▸ PROBLEM: With pictures left out, output exactly the lines of the listing below from the line that has "شیشه نرده داخل" to the line that has "Mecânico de Manutenção", both lines kept.

▸ RECORDS:
----
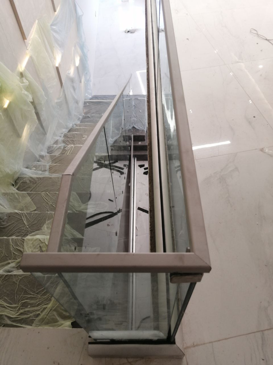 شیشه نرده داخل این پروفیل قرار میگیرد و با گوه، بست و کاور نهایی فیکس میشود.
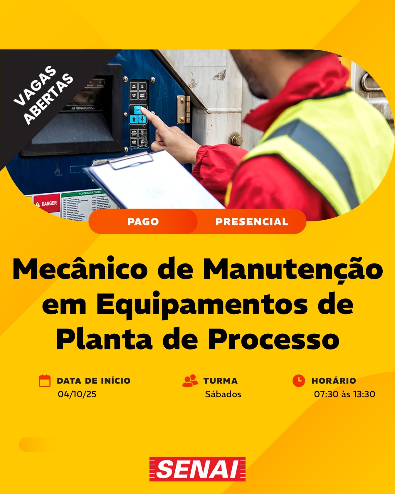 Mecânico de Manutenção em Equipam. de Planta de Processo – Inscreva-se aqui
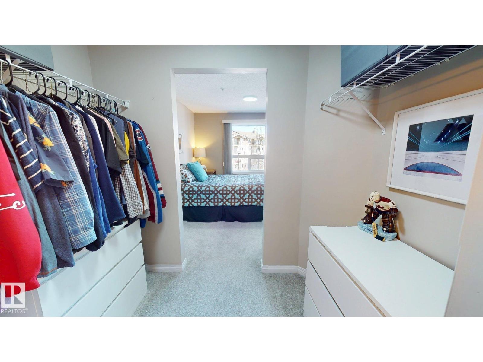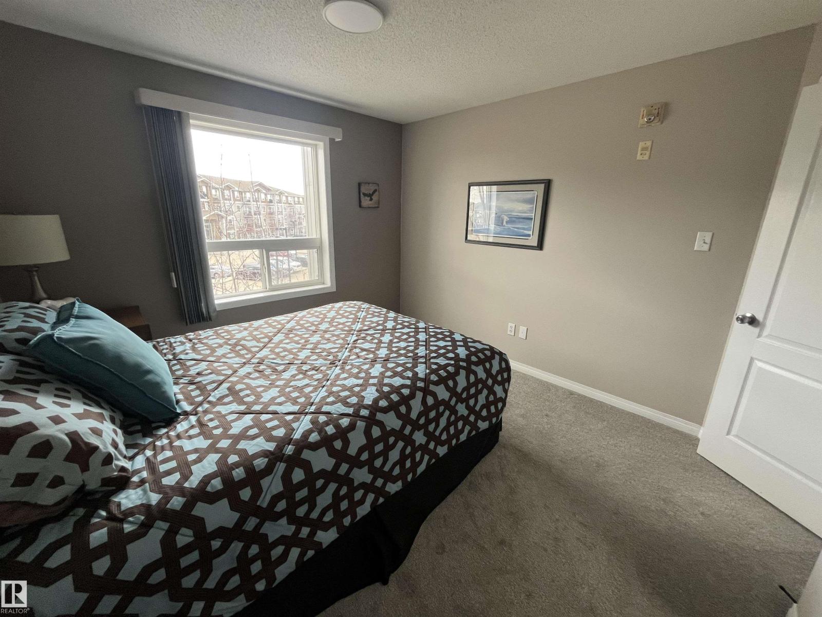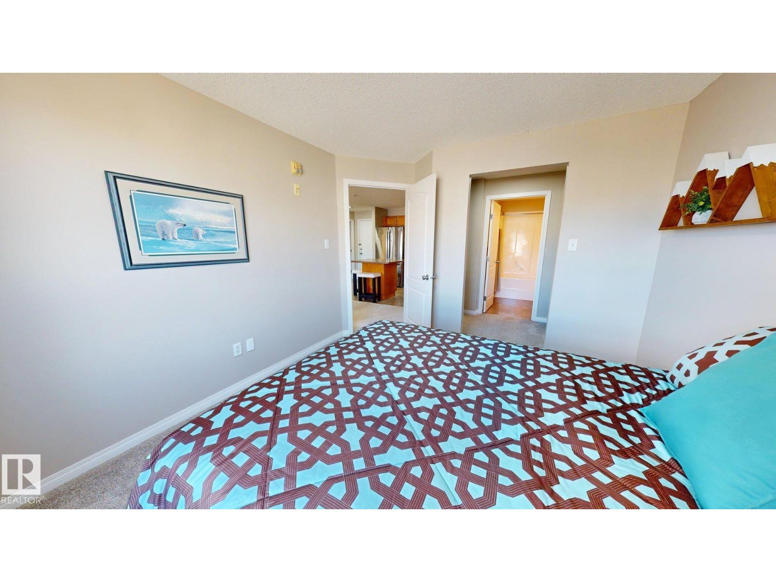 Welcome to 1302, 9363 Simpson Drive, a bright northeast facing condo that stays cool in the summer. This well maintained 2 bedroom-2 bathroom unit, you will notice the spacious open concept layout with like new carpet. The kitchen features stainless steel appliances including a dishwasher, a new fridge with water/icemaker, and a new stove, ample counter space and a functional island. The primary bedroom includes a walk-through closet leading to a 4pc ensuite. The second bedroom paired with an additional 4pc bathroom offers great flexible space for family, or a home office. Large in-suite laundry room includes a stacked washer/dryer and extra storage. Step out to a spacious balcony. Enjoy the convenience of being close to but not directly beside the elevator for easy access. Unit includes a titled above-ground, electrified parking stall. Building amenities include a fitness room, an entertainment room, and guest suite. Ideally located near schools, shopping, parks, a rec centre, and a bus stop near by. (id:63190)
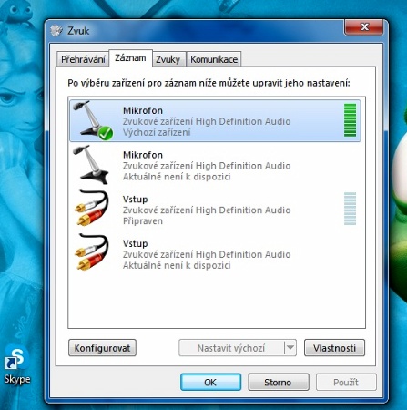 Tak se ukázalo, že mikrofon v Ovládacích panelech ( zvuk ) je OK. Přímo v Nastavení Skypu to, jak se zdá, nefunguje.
----
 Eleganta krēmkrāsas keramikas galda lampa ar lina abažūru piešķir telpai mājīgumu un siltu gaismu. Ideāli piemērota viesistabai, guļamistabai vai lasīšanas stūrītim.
----
▸ FINISHED EXERCISE:
 شیشه نرده داخل این پروفیل قرار میگیرد و با گوه، بست و کاور نهایی فیکس میشود.
 Mecânico de Manutenção em Equipam. de Planta de Processo – Inscreva-se aqui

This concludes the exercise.